> **PROBLEM**:
Print the lines in the listing below that fall between the line with "Performanceplus darbnīcas ratiņu" and the line with "Vivisence 7014 Kmpl+R", those two lines included, exactly as they stand and with nothing else.

> **THE DATA**:

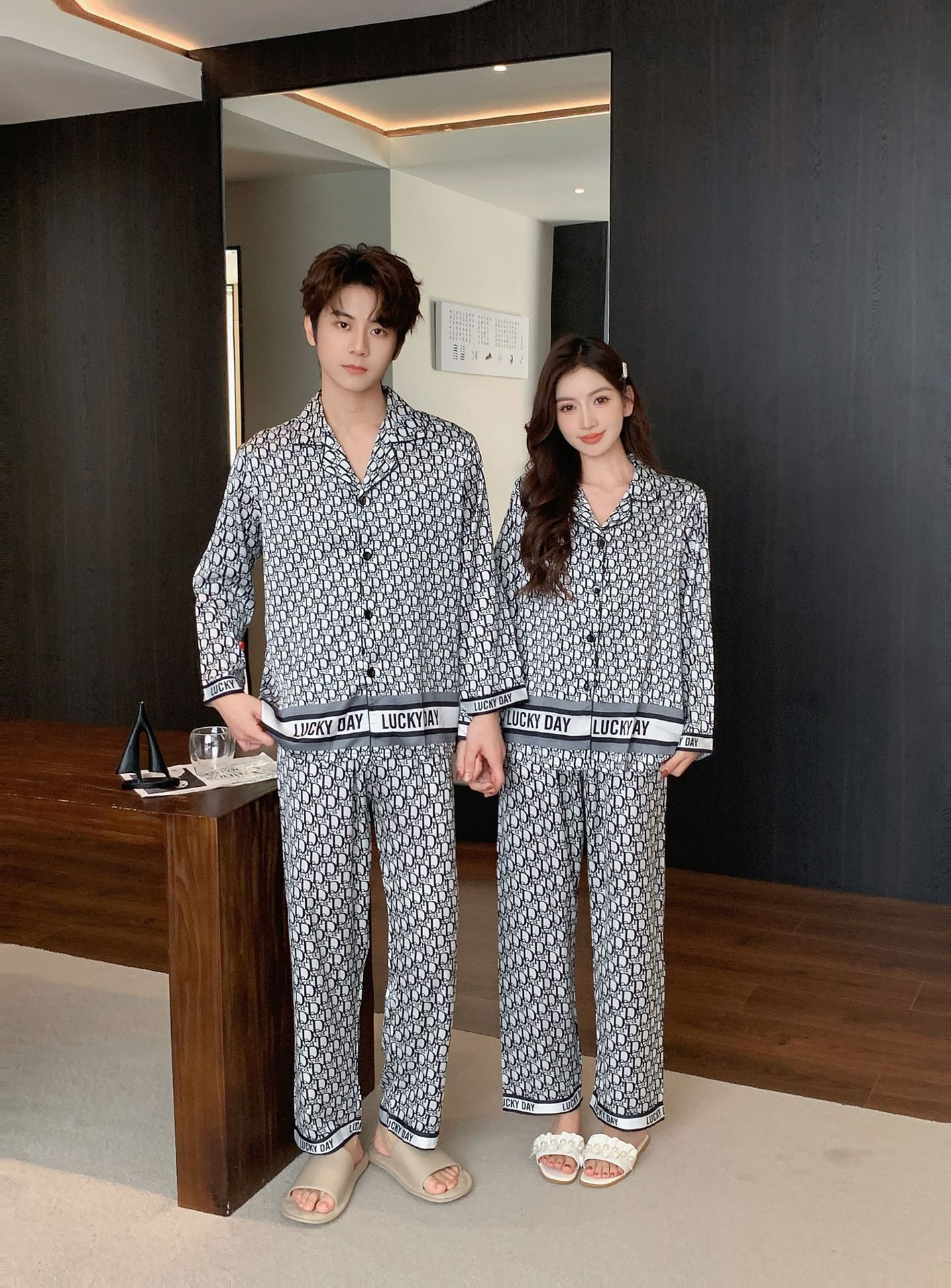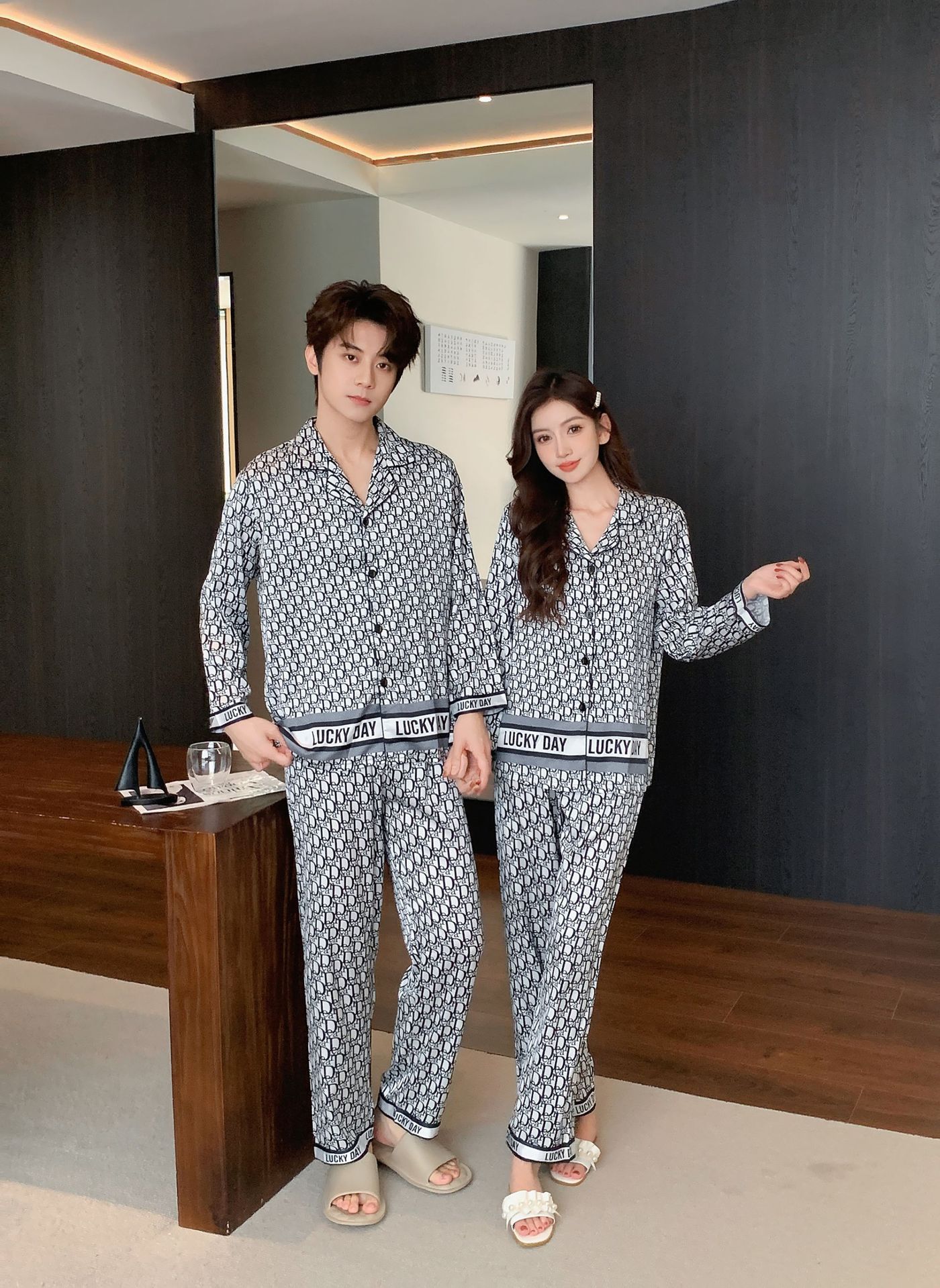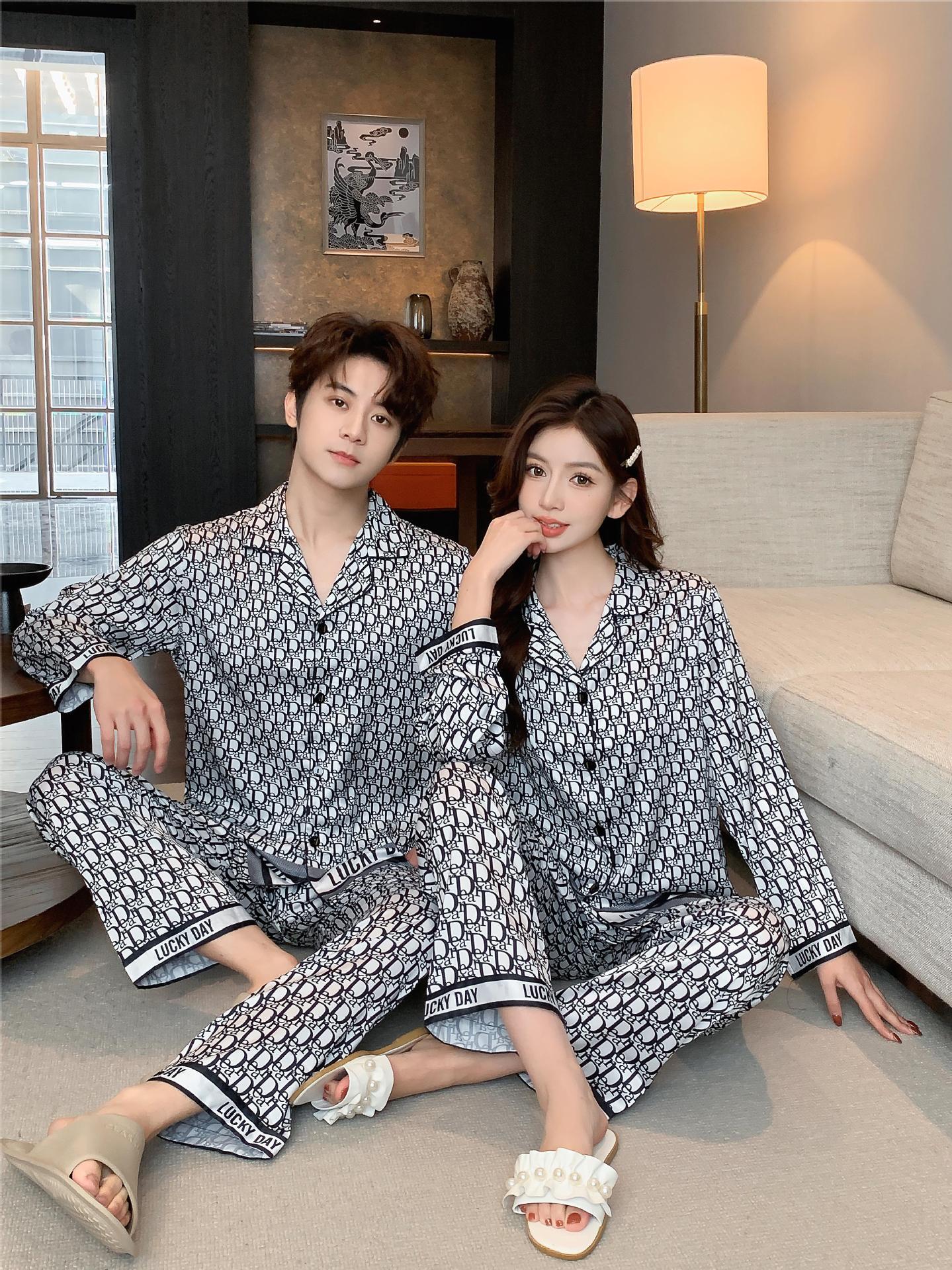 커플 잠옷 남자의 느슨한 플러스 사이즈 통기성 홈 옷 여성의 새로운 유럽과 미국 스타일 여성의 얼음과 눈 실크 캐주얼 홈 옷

...

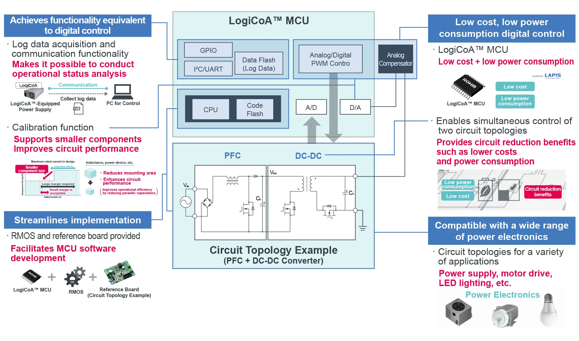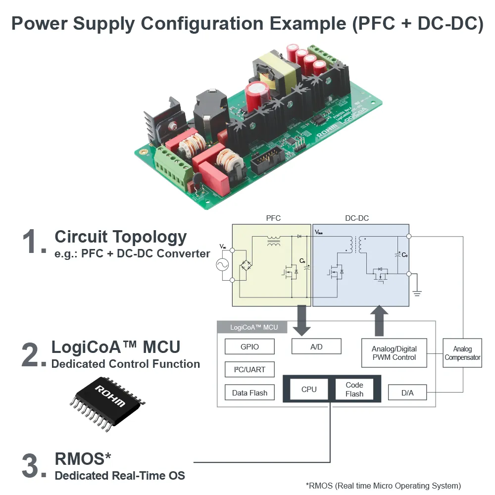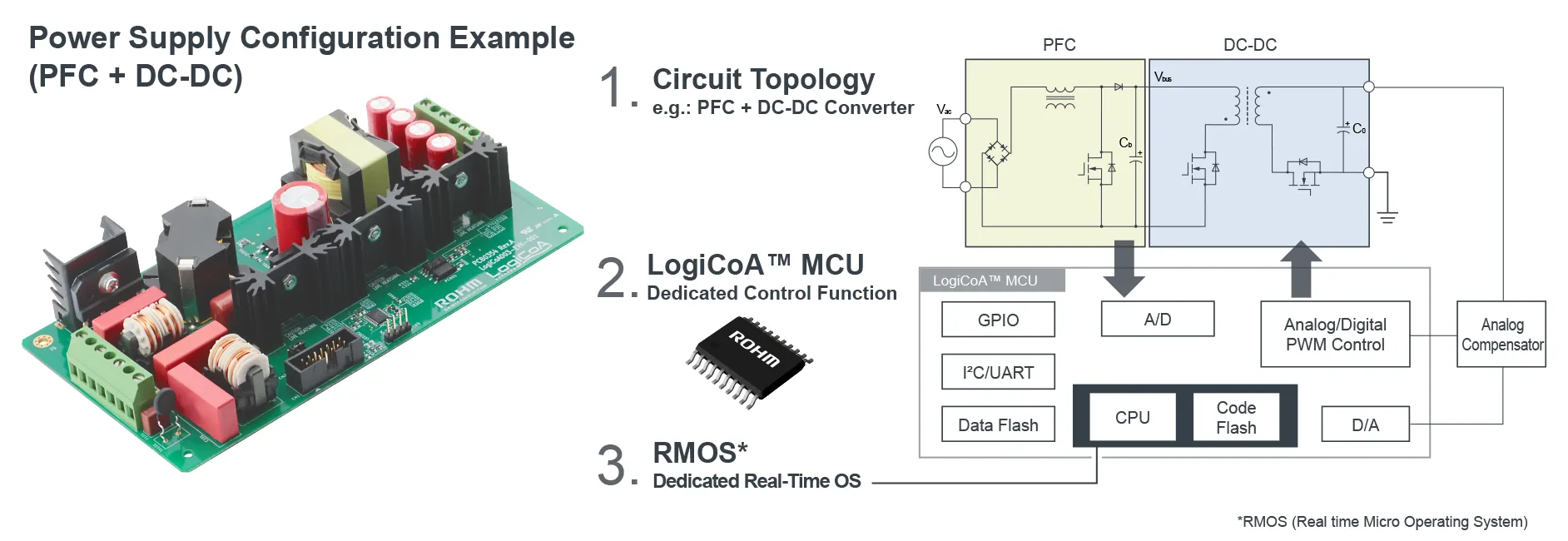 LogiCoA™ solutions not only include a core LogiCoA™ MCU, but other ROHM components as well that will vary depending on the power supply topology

...

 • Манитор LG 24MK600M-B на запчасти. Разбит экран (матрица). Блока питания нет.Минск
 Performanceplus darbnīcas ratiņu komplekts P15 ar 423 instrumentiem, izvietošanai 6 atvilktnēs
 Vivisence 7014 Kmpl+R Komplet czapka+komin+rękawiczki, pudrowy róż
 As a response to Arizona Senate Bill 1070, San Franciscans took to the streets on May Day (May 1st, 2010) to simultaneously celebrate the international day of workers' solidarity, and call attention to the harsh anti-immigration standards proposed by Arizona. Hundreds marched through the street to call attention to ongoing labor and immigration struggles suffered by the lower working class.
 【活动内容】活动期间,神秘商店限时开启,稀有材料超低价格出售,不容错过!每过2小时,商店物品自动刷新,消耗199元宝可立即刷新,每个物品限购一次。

> **ANSWER**:
 Performanceplus darbnīcas ratiņu komplekts P15 ar 423 instrumentiem, izvietošanai 6 atvilktnēs
 Vivisence 7014 Kmpl+R Komplet czapka+komin+rękawiczki, pudrowy róż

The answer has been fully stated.